Column: Inertsil ODS-3 φ20 × 250 mm (GL Science)
Mobile phase: 0.1% trifluoroacetic acid → concentration gradient of 35% acetonitrile in 0.1% trifluoroacetic acid Flow rate: 10 mL / min Detector: UV spectrophotometer 210 nm
Temperature: 40 ° C
The main peak of the HPLC chromatogram was collected, and the amino acid sequence of the fraction was analyzed using a peptide sequencer. From 1 g of crude peptide, 0.88 g of pyroGlu-Gln-Gln purified peptide was obtained.

(Production Example 2) Synthesis of pyroGlu-Leu Synthesis was performed by a liquid phase method using the Boc method.

(1) was dissolved in Boc-pyroGlu and HCl ^Leu-O t Bu with condensation eggplant type flask was charged with ^{HCl Leu-O t Bu (390mg} ) DMF5mL of triethylamine were added 0.124mL cooled with ice. Subsequently, Boc-pyroGlu-OH (400 mg), HOBt (470 mg) and WSCD HCl (367 mg) were added, and the mixture was stirred for 12 hours under ice cooling to cause a condensation reaction. After completion of the reaction, the pressure was reduced and DMF was distilled off. The residue was dissolved in ethyl acetate, and then washed with ethyl acetate in the order of 5% aqueous sodium hydrogen carbonate solution, 10% aqueous citric acid solution, water and saturated brine, and then anhydrous sulfuric acid. Dried over sodium. Sodium sulfate was filtered off, and the filtrate was concentrated under reduced pressure. Ether-hexane was added to the resulting residue to solidify and collect Boc-pyroGlu-Leu-O ^t Bu. The yield was 609 mg, and the yield was 88%.

(2) Deprotection Boc-pyroGlu-Leu-O ^t Bu (600 mg) obtained above is placed in an eggplant-shaped flask, dissolved by adding 5 mL of trifluoroacetic acid, and deprotected under ice cooling for 1 hour. It was. Trifluoroacetic acid was removed with N ₂ gas, and the deprotected peptide was solidified by adding ether, and then collected by filtration. The obtained solid was dissolved in 4N HCl / dioxane, ether was added to solidify again, and the mixture was collected by filtration. The yield was 220 mg and the yield was 53%.
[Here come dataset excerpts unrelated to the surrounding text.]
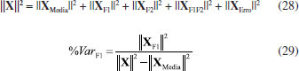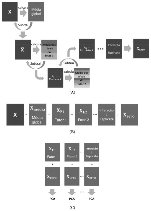 ![]() Esquema 3. Partição da matriz de dados X em matrizes de mesmas dimensões e que descrevem os fatores, interações, replicatas e o erro puro. A) Construção das matrizes de fatores, interação e erro puro. Nesse esquema, o fator F1 tem três níveis e o fator F2 tem oito. B) Resultado da partição sequencial de X em que a soma de todas as contribuições é igual à matriz original. C) A matriz de erros residuais (Xerro do esquema 3B) é adicionada às contribuições de X para a aplicação da análise de componentes principais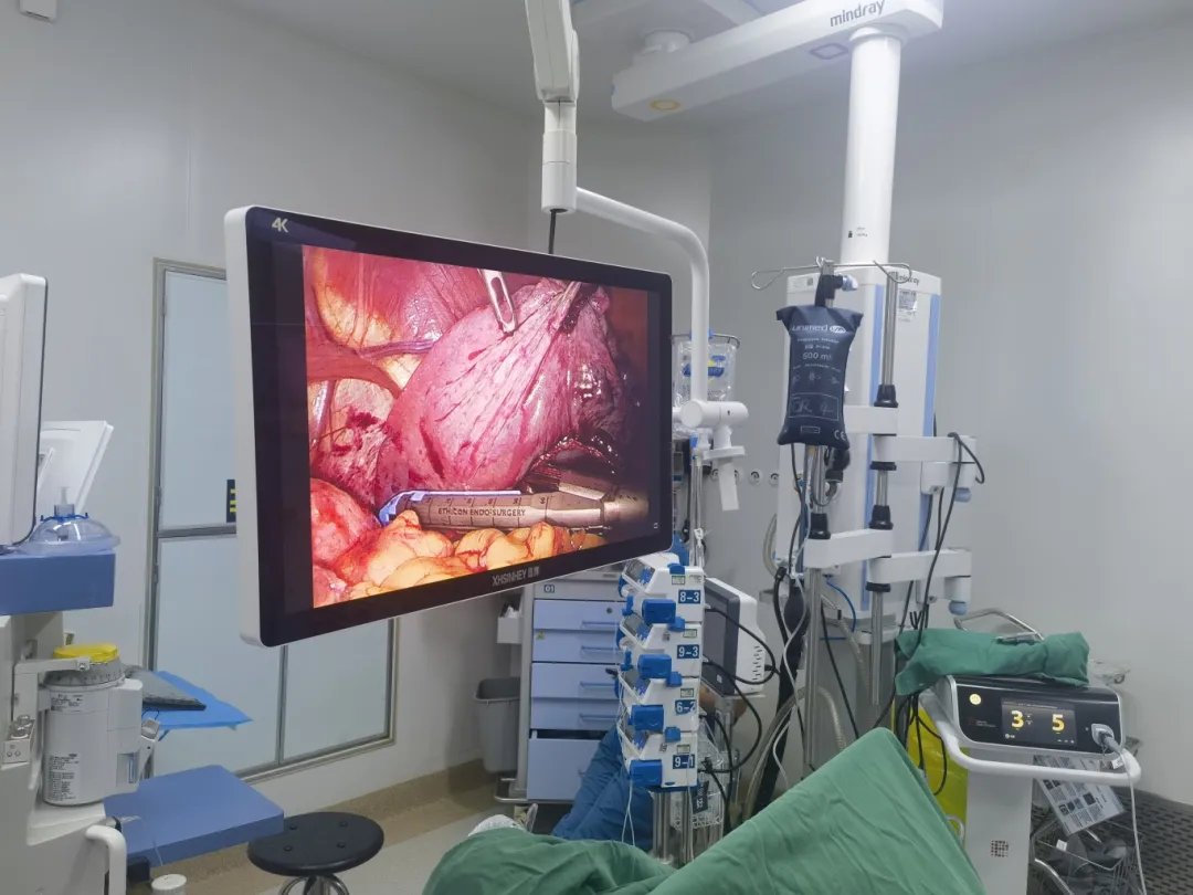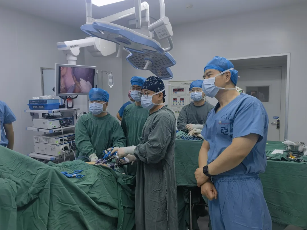手术如期进行,在陈雷教授的精心指导与悉心点拨下,肝胆外科主任李映辉及团队密切配合,在狭小的操作空间内进行着毫厘之间的精细解剖,每一次钳夹、每一道缝合,都像在纤细的血管琴弦上弹奏精准的音符,于方寸之间完成了一场关乎生死的完美乐章。随着脾上极血管的精准离断,病灶顺利切除。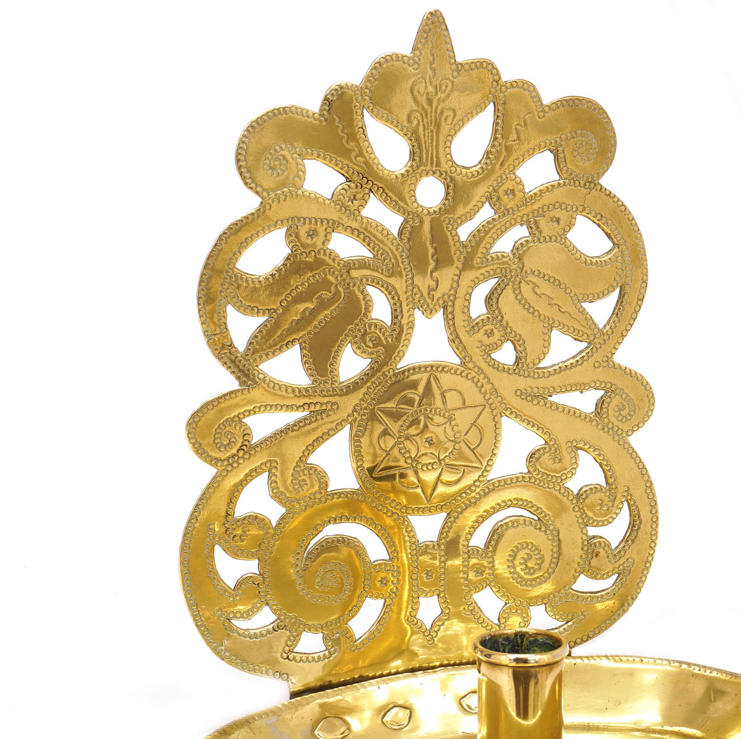 Væglampet udført i messing med gennembrudt cisileret dekoration i form af stilisterede blomster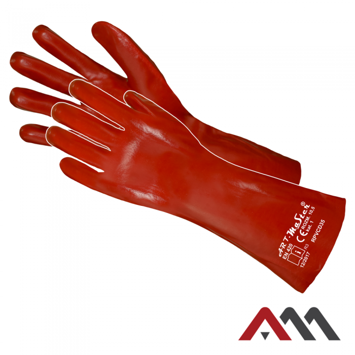 to rękawice z PCV, wzmacniane siatką bawełnianą o długości mankietu 35cm. świetnie sprawdzają się w rolnictwie i rybołówstwie dzięki odporności na wodę.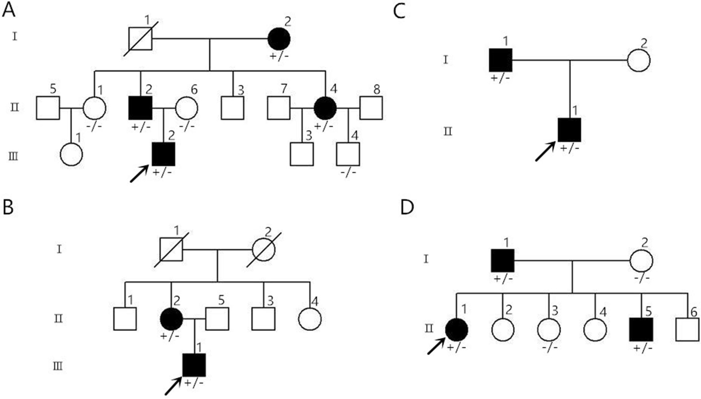 Figure 1. Pedigrees of four Chinese families. A–D: Pedigrees of family A through family D, respectively. Squares and circles indicate men and women, respectively. Filled and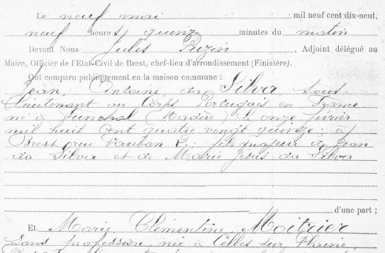 Le 9 mai 1919, c’est le Sous-Lieutenant du CEP Jean Antoine da Silva (écriture francisée de João António da Silva) qui se marie avec Marie Clémentine Moitrier. Natif de Funchal, Madère, il est dit fils de Jean et de Marie de Jesus da Silva. Ce nom de famille Da Silva a explosé dans la région parisienne et le nord de la France à partir de l’arrivée des Portugais en France pour la Guerre et la Reconstruction après-guerre des zones détruites.
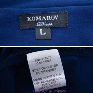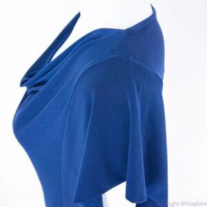 Komarov USA-made navy blue drop cowl neck dolman sleeve dress, L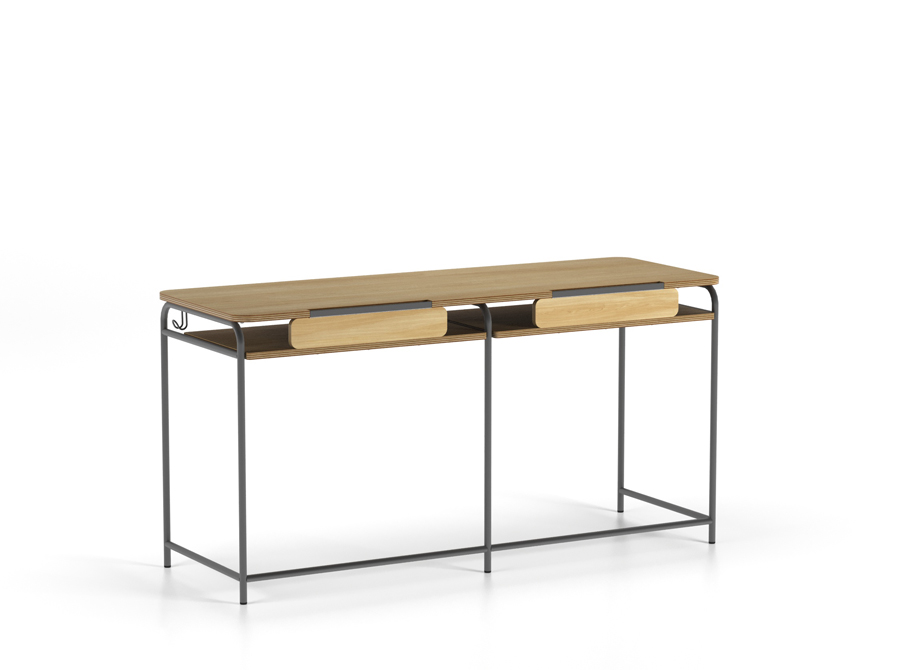 Fabricada com compensado multilaminado de madeira maciça, revestido com laminado melamínico, sua estrutura é feita de aço carbono tubular, com acabamento em pintura eletrostática, assegurando estabilidade e segurança.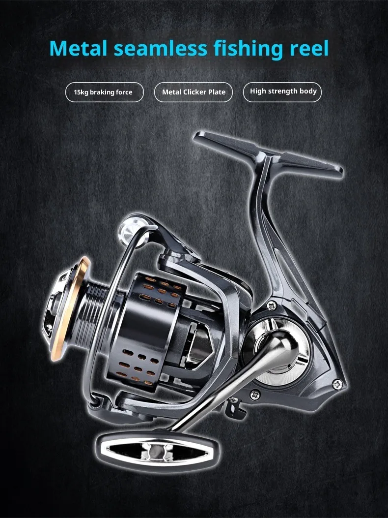 Rueda giratoria sin costuras, rueda de hilo de pescar totalmente de metal, rueda de pesca de lanzamiento de largo alcance, rueda de pesca con señuelo versátil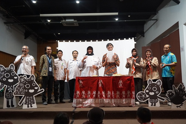 Sebagai bagian dari acara hari ini, juga diselenggarakan prosesi penandatanganan MoU antara Daud Nugraha (Founder Aniwayang Studio) dan Sri Kusumawati (Kepala Unit Pengelola Museum Seni), sekaligus penyerahan resmi koleksi wayang kulit karakter Desa Timun untuk menjadi bagian dari koleksi permanen Museum Wayang.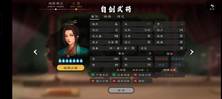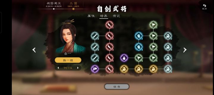 说一下为啥带治军不带文武的问题,一个是自建的时候是打算作为主力兵种使用的,本来就奔着一万以上去的,另一个是因为治军自带的点数刚好能补一个横斩加巧变,输出是比单纯的文武高的。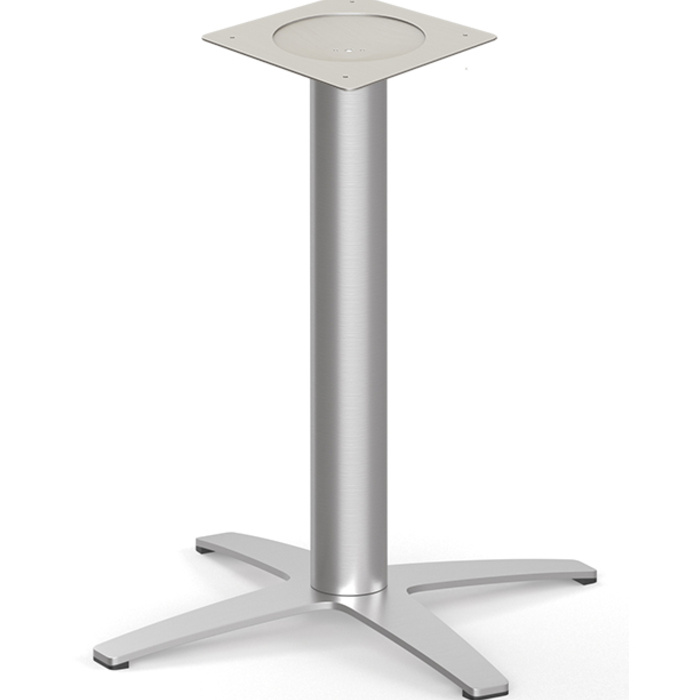 Heavy duty 4-Prong brushed metal base. 28.5" high, 23" spread, for use with 24" round tops.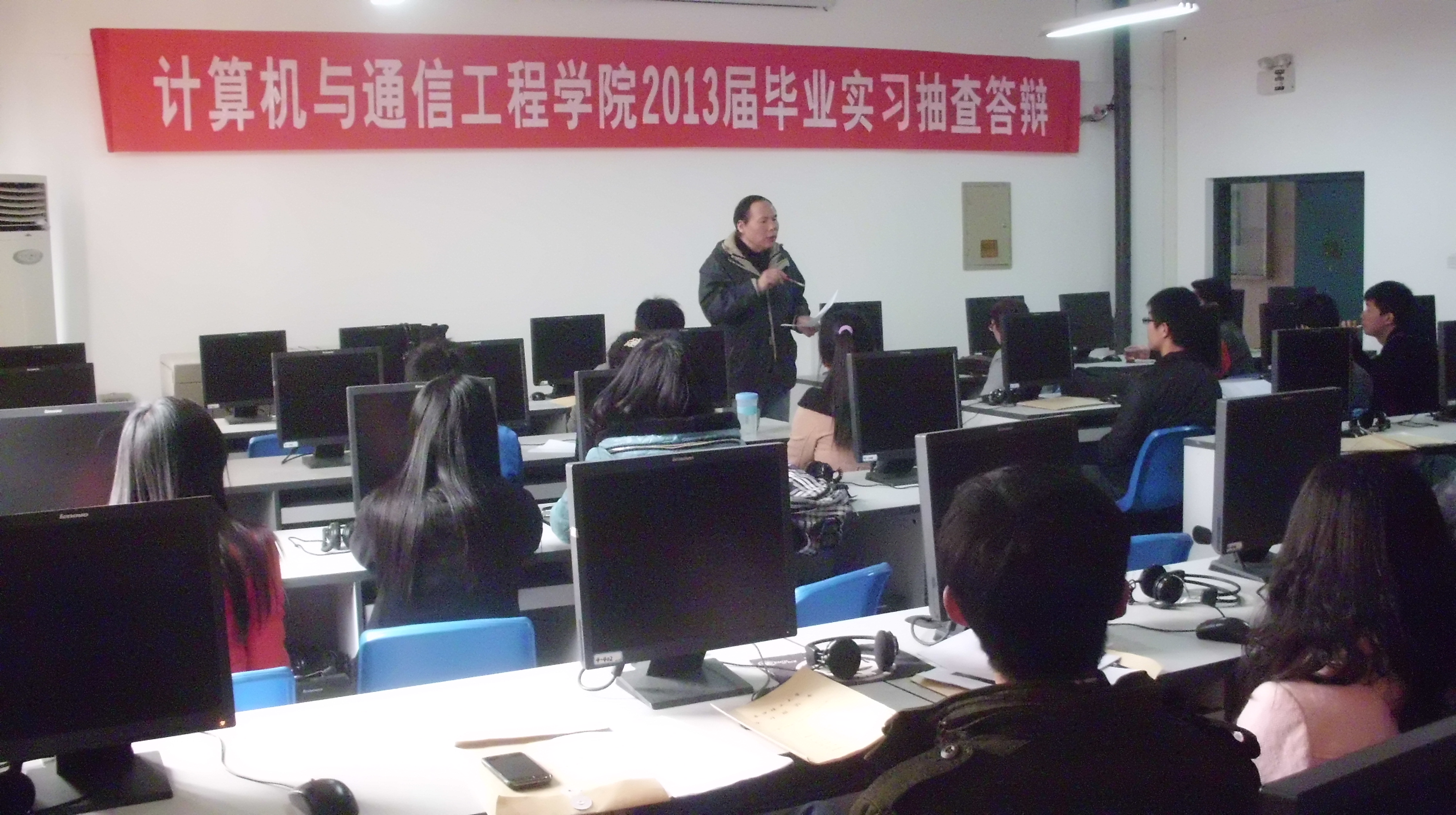 为进一步做好我院2013届毕业实习工作,加强对毕业实习的管理和监督,计通学院成立2013届毕业实习答辩组,并于321在金盆岭75015042013届毕业生毕业实习进行抽查答辩。本次答辩随机抽查了33位毕业设计(论文)指导老师所带的45名学生(其中本部27名、城南18)。答辩采取学生汇报、专家提问、学生答辩的形式进行。

Production Example 3 Synthesis of pyroGlu-Val In the same manner as in Production Example 2, 209.7 mg of HCl H-Val-O ^t Bu was synthesized as a starting material. The yield of the condensation reaction was 326.6 mg and the yield was 85%, and the deprotected peptide was 205.0 mg and the yield was 91%.

(Production Example 4) Synthesis of pyroGlu-Met In the same manner as in Production Example 2, 241.8 mg of HCl H-Met-O ^t Bu was synthesized as a starting material. The yield of the condensation reaction was 208.3 mg, yield 50%, and the deprotected peptide was yield 90.3 mg, yield 60%.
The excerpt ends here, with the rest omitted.